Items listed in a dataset

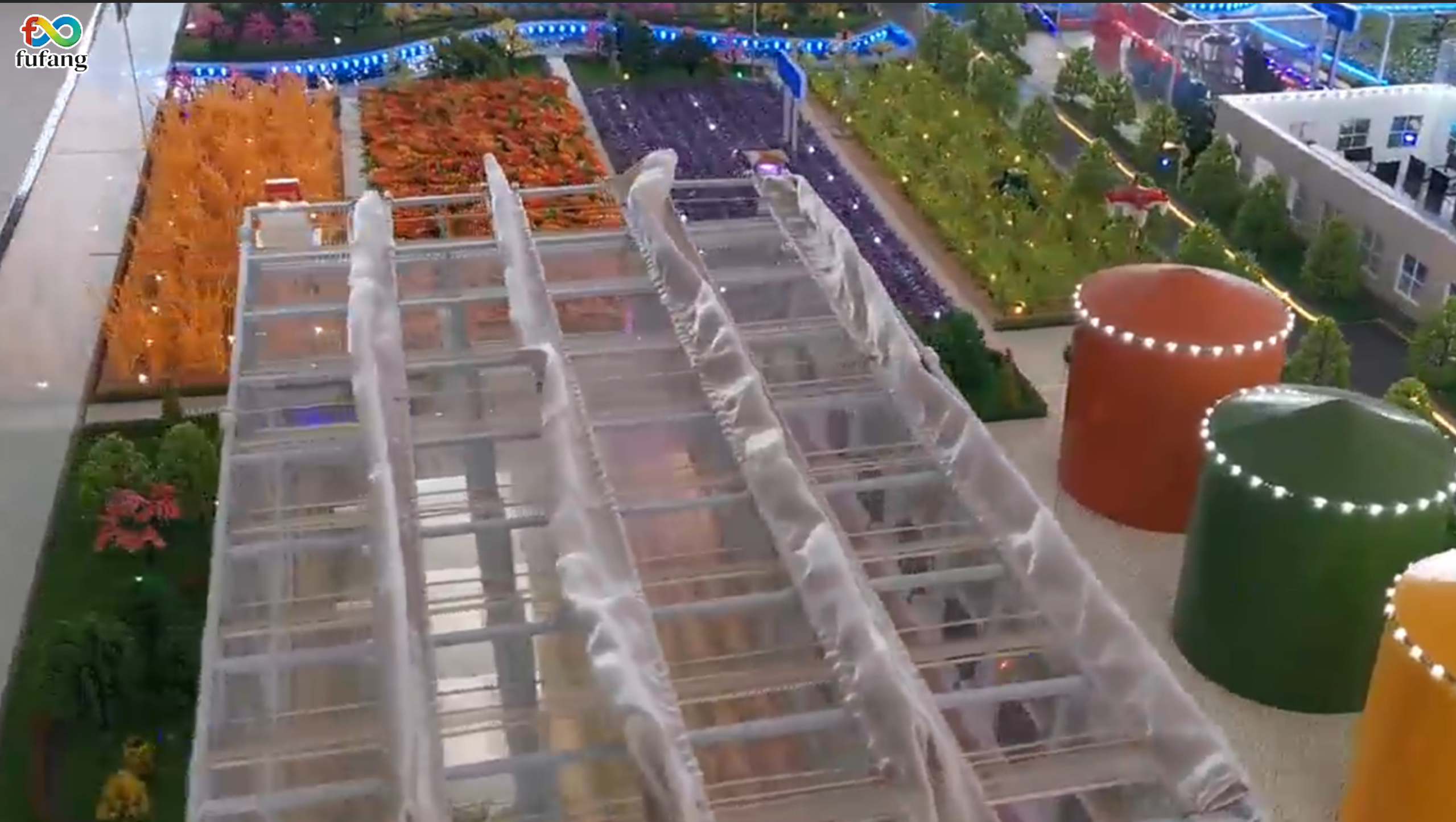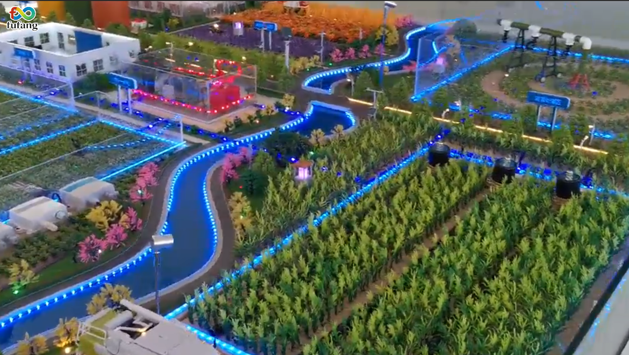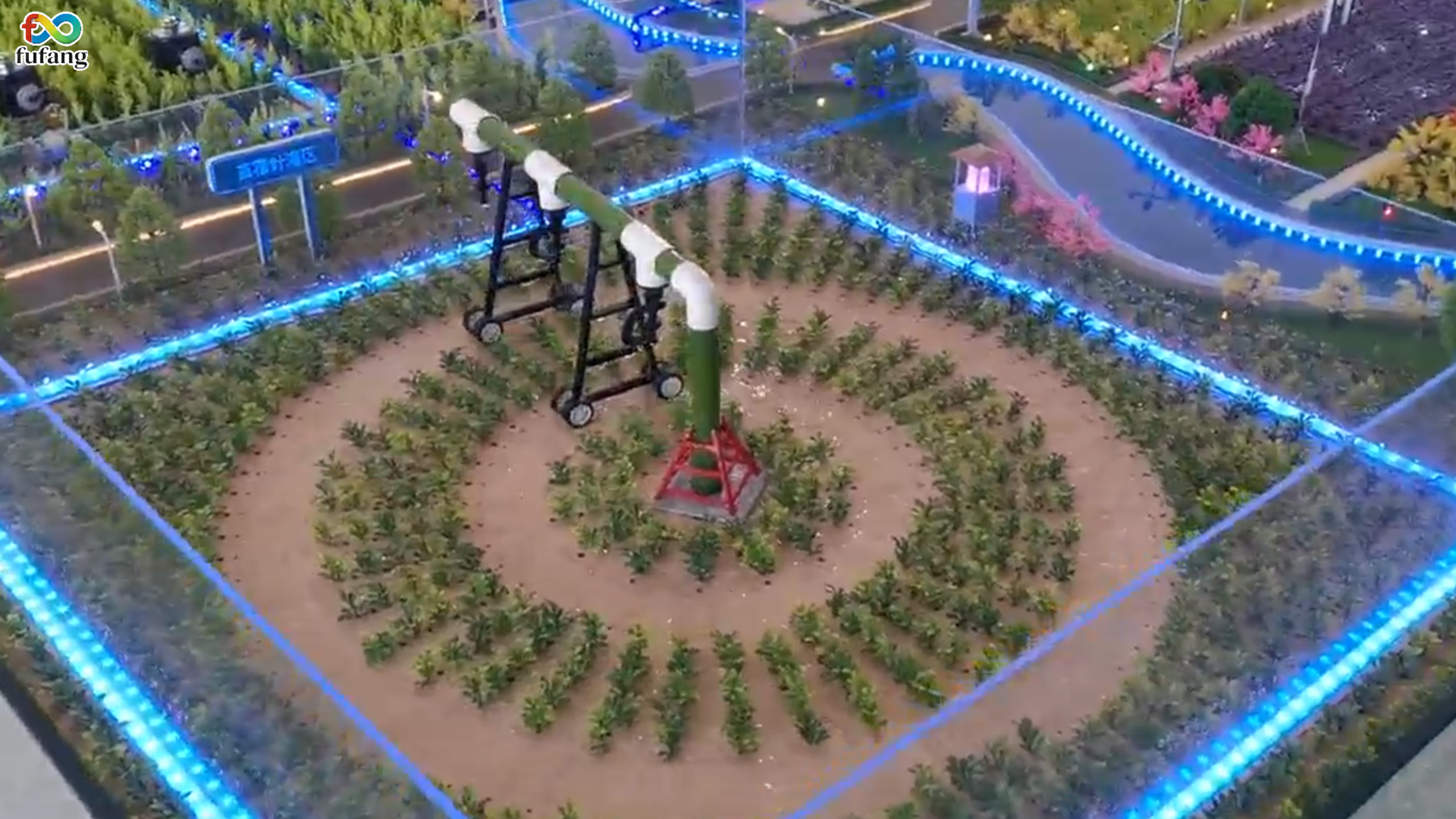 首先在精准滴灌系统展示图中,蓝色灯带模拟的监测与控制网络纵横交错,将其可视化。图中滴灌设备的细节排布,清晰传递出水分与养分直送作物根系的核心逻辑,直观呈现出“精准供给”这一名词。
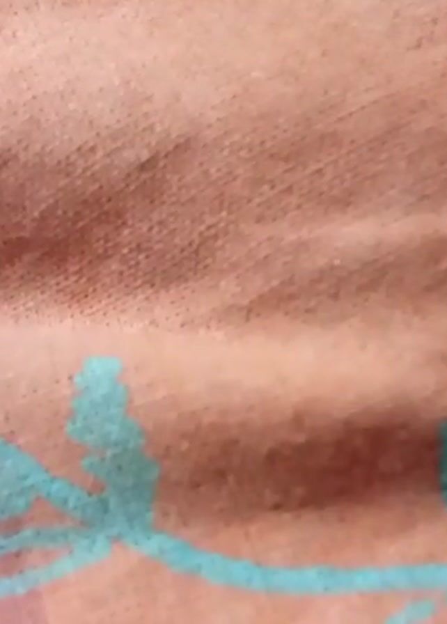 A close-up shot shows a piece of fabric. The fabric is light pink with a turquoise floral pattern. The texture of the fabric appears slightly worn and fuzzy. The light illuminates the fabric, creating shadows and highlights on its surface. The shot remains still, capturing the details of the fabric's texture and design. A brief snippet of speech is heard in the audio.
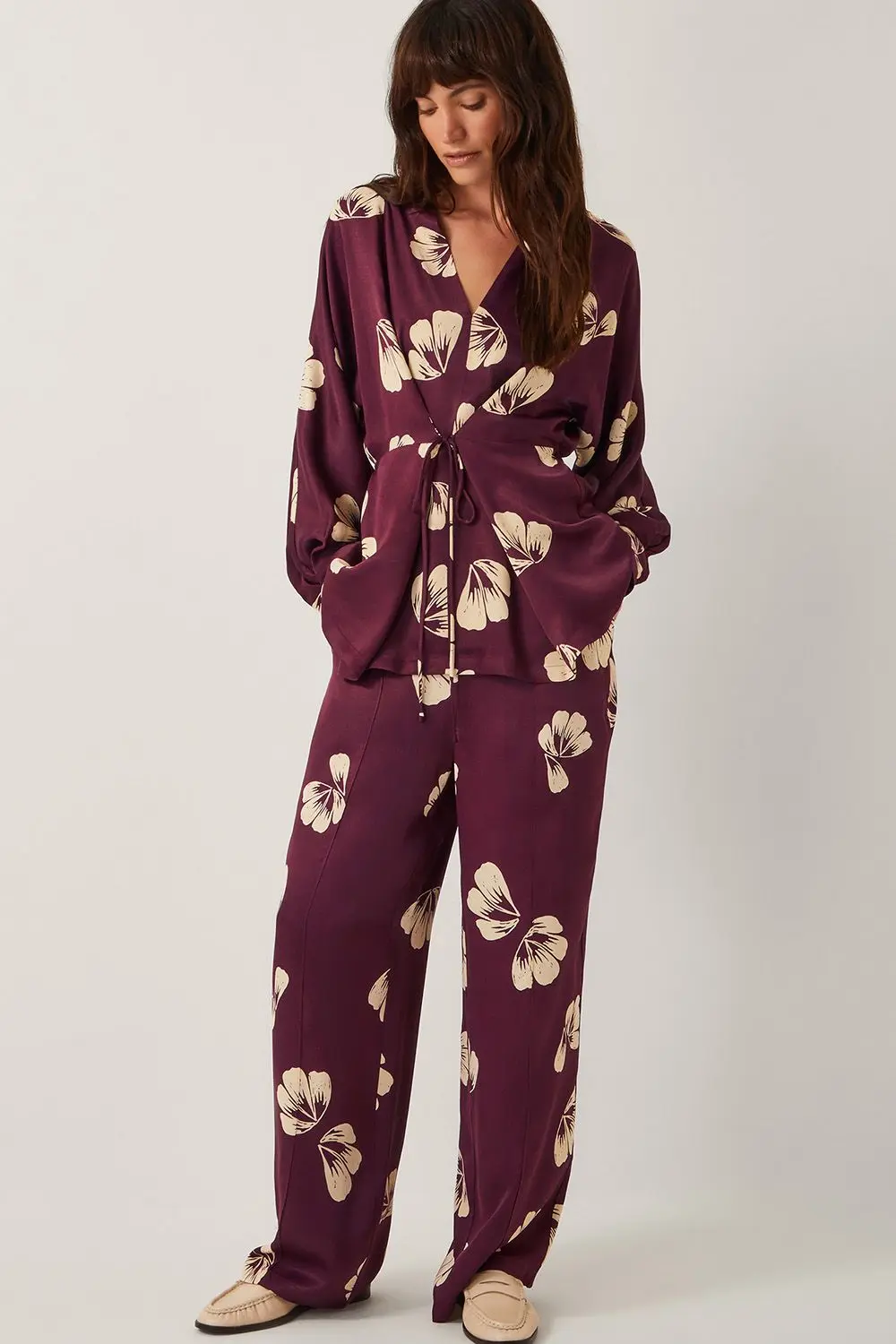 Bold, yet breezy. Printed with oversized florals on a delectable plum backdrop, these straight leg trousers boast a soft tailored finish with pockets, a structured waist, and button fastening to the front. Red
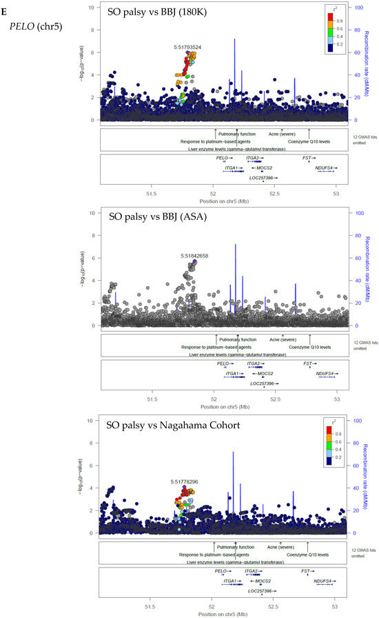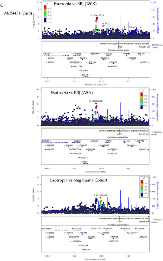 Regional plots by Locus Zoom of common peaks with a loose standard of p < 1 × 10−6 in 3 series of GWASs with 3 different control cohorts of BBJ (180K), BBJ (ASA), and Nagahama Cohort. The case group is esotropia (A–C) and idiopathic superior oblique muscle palsy (D,E).
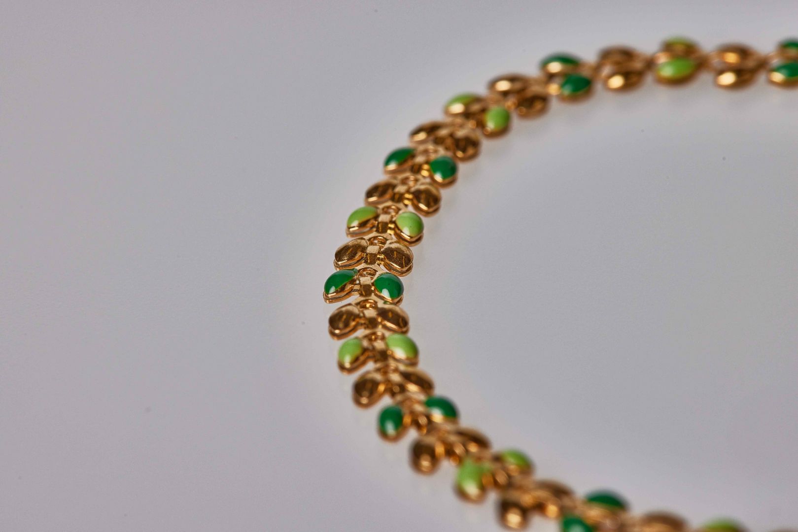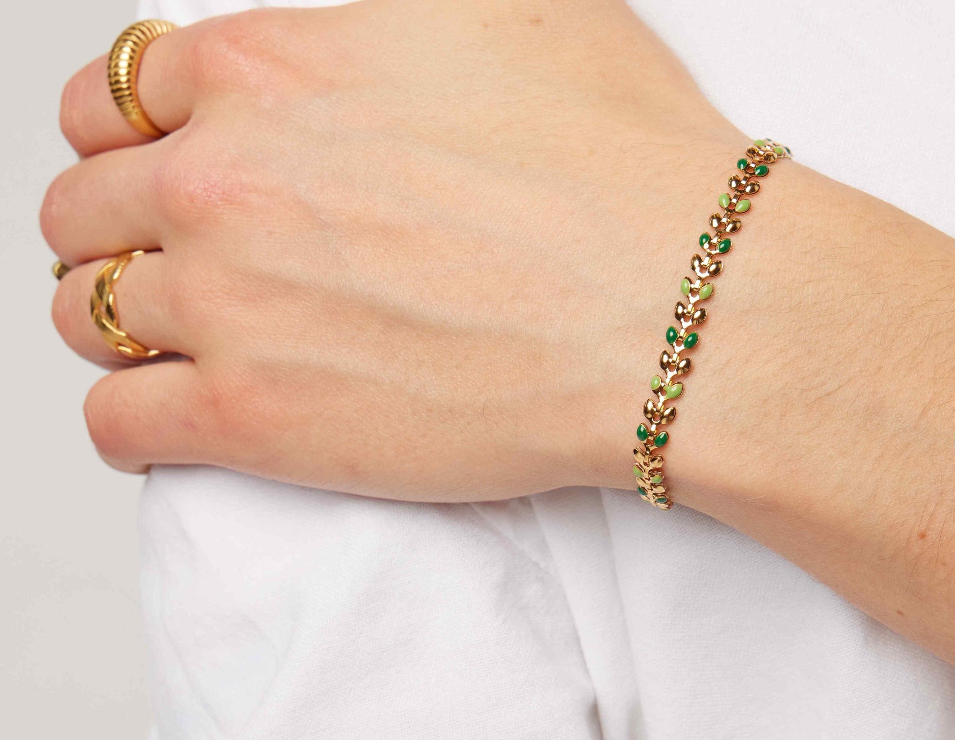 Treten Sie ein in die bezaubernde Welt des Daphne-Armbands – ein Meisterwerk, das mit zwei Grüntönen geschmückt ist und ein exquisites Bild ergibt, das von Daphne-Blättern inspiriert ist. Dieses Armband ist ein botanischer Hochgenuss und bietet eine einzigartige und von der Natur inspirierte Ästhetik. Ob allein getragen, um sein kompliziertes Design zu präsentieren, oder in Kombination mit anderen Armbändern für ein vom Garten inspiriertes Ensemble – das Daphne-Armband verleiht Ihrem Handgelenk einen Hauch botanischer Eleganz.

Brief
Word for word and without pictures, please write out only the lines from the start of the entries through the line containing "Bold, yet breezy.", both included.

Response to the task
 首先在精准滴灌系统展示图中,蓝色灯带模拟的监测与控制网络纵横交错,将其可视化。图中滴灌设备的细节排布,清晰传递出水分与养分直送作物根系的核心逻辑,直观呈现出“精准供给”这一名词。
 A close-up shot shows a piece of fabric. The fabric is light pink with a turquoise floral pattern. The texture of the fabric appears slightly worn and fuzzy. The light illuminates the fabric, creating shadows and highlights on its surface. The shot remains still, capturing the details of the fabric's texture and design. A brief snippet of speech is heard in the audio.
 Bold, yet breezy. Printed with oversized florals on a delectable plum backdrop, these straight leg trousers boast a soft tailored finish with pockets, a structured waist, and button fastening to the front. Red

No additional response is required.